The Gift That Keeps on Giving

by Adam on December 19, 2012

With the holiday season upon us, I’m looking ahead to Christmas and trying to wrap up the last of my Christmas shopping (relatively soon, if possible, as the day is fast approaching). In looking to offer a variety of gifts under the tree, I realized how many people in my life truly enjoy and appreciate (and want to share) good food. Indeed, more and more of the gifts I’m giving this year are gifts of food and I’ve tried to find ways to offer new and different items to family and friends in that vein.

One of the relatively new developments in the food/entrepreneurship world is the trend towards companies that offer mail-order delivery of food from artisan producers. Some of these companies have packages available for one-time delivery (Eat Boutique is a great example in Boston, which has grown incredibly well both through the mail-order business and the in-person events), others offer monthly subscription boxes where users can receive 4-6 different sample items from a variety of producers. Foodzie was perhaps best known for this, billed as an “Etsy for food.” In a testament to the model (or not, depending on how you look at it), the company was recently acquired by

In recent months, I’ve seen other models where users can sign up for a monthly food subscription service, and indeed I myself signed up for a Foodzie box about a year ago. I found the experience to be a balance of emotions. On the one hand, I always was very excited for the serendipity of the experience. On the other, there were always 1-2 products I just didn’t like. And this is the first point in the model where things start to breakdown. Foodzie was charging $20/month. There are others out there, such as Gourmet Spotting, The Missing Ingredient and others that are charging more. But even at $20/month (or $20/box, which is essentially the same thing), I felt a certain pang of disappointment whenever even 1 of the products was not of interest. These are small samples by the way, so at $3+ each for 6 samples, the value you get from that box matters.

I think this is an interesting business model though, one that caters to a growing number of informed food lovers who want to discover new products (and also plays to the locality of product sourcing). But, I’m not sure how it will actually play out in the days ahead. Walmart is now moving into this space, and depending on how well they perform and source products, they could be a category killer given the breadth and depth of their distribution network (and also because they could operate the business at a loss without much issue, at least in the beginning).

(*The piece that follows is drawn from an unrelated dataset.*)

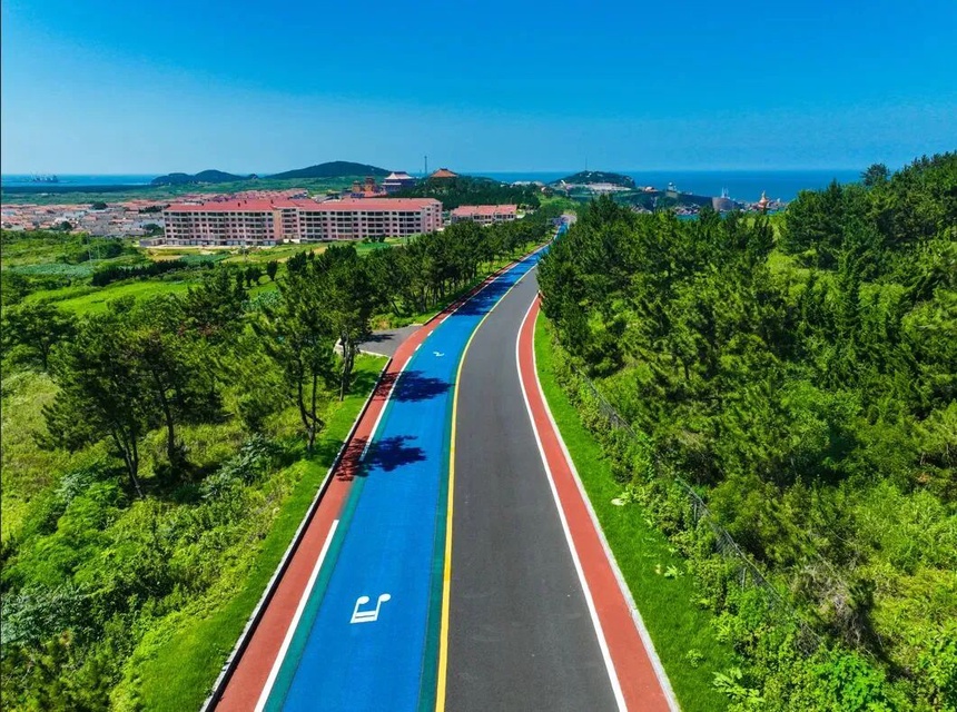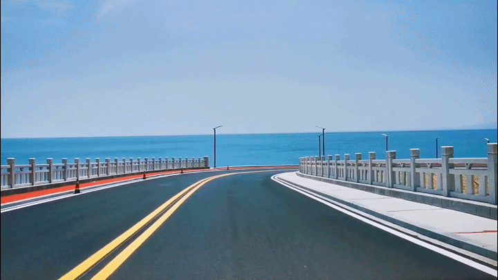 公路的一側(cè)是生機勃勃的綠色植被,另一側(cè)是波光粼粼的藍色海岸,頭頂上還有亞洲最長的跨海索道。當你駕車以40km/h的速度駛過公路時,BGM便會從車輪下緩緩響起。

The biggest challenge for new businesses in this space is much more about logistics than anything else. If you offer a 6-item tasting box, how does that box get assembled? Foodzie was taking the product into their offices and assembling 5,000+ boxes per month, not exactly a scalable business model (especially when you consider that the producers all had to ship the products to Foodzie first and then Foodzie had to turn them around to consumers). But, the alternative is allowing the producers to ship them directly, and a consumer ends up with 6 packages on their doorstep. Not necessarily efficient.

I like the idea, and I do hope that it’ll help to open up more opportunity for food discovery and also producer/consumer connection, but as with all things in business, it comes down to the dollars and cents of each model.